Try it: Could you set down exactly the lines in the records below between the line holding "A festmény Bacchust, a" and the line holding "Borsa Paris Frange Camoscio moro", inclusive?

Given records:
========
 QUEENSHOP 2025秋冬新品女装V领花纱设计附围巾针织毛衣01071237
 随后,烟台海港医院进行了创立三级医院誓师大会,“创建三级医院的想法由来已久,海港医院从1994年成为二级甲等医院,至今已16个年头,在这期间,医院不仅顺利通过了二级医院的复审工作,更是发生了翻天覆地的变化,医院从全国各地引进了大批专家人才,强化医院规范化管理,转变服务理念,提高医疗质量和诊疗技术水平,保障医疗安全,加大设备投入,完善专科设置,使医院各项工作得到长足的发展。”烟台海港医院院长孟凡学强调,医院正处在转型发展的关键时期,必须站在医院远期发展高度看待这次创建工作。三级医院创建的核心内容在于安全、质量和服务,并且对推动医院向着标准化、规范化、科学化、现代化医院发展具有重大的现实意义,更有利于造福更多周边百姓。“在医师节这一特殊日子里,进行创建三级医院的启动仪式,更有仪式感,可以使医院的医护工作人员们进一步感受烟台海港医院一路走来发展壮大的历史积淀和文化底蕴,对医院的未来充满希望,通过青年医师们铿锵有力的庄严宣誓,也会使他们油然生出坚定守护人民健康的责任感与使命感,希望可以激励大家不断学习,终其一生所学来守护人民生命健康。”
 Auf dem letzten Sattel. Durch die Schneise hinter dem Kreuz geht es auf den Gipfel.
========
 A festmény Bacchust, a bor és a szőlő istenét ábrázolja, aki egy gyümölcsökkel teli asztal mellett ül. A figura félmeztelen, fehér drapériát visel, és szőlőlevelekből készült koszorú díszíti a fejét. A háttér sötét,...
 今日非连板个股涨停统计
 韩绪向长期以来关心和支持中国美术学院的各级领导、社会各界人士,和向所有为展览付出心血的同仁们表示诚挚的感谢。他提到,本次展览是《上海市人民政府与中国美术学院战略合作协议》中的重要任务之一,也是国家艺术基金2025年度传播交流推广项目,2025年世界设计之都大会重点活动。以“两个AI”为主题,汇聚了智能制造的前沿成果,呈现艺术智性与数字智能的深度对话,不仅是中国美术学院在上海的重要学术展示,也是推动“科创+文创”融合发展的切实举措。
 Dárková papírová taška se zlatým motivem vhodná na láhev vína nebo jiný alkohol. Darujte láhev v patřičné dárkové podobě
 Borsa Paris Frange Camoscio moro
========
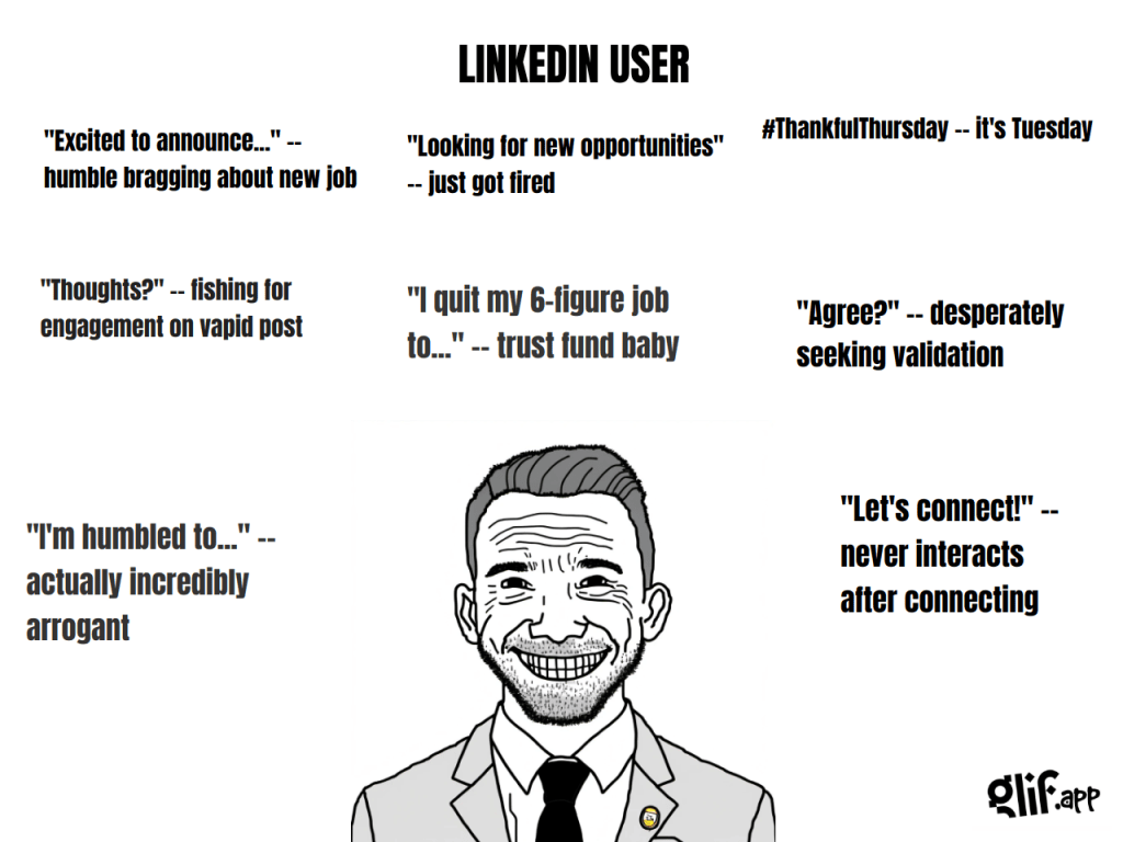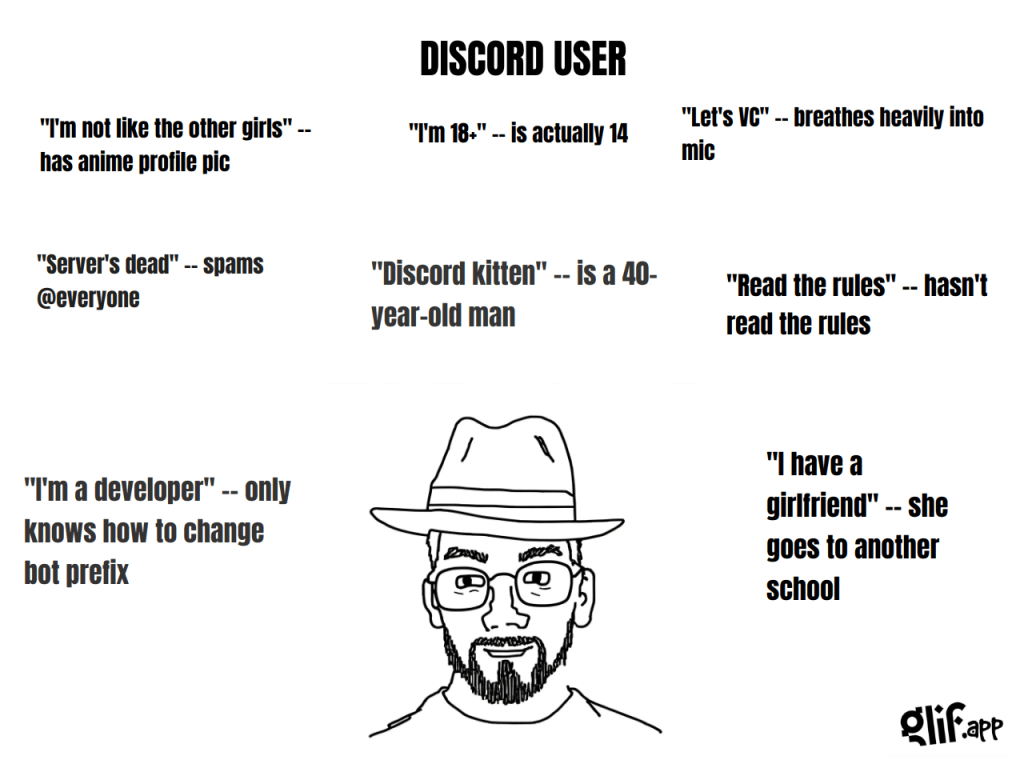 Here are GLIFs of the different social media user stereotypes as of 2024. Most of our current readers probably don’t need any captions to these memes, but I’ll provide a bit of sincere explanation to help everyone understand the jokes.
========
Task answer:
 A festmény Bacchust, a bor és a szőlő istenét ábrázolja, aki egy gyümölcsökkel teli asztal mellett ül. A figura félmeztelen, fehér drapériát visel, és szőlőlevelekből készült koszorú díszíti a fejét. A háttér sötét,...
 今日非连板个股涨停统计
 韩绪向长期以来关心和支持中国美术学院的各级领导、社会各界人士,和向所有为展览付出心血的同仁们表示诚挚的感谢。他提到,本次展览是《上海市人民政府与中国美术学院战略合作协议》中的重要任务之一,也是国家艺术基金2025年度传播交流推广项目,2025年世界设计之都大会重点活动。以“两个AI”为主题,汇聚了智能制造的前沿成果,呈现艺术智性与数字智能的深度对话,不仅是中国美术学院在上海的重要学术展示,也是推动“科创+文创”融合发展的切实举措。
 Dárková papírová taška se zlatým motivem vhodná na láhev vína nebo jiný alkohol. Darujte láhev v patřičné dárkové podobě
 Borsa Paris Frange Camoscio moro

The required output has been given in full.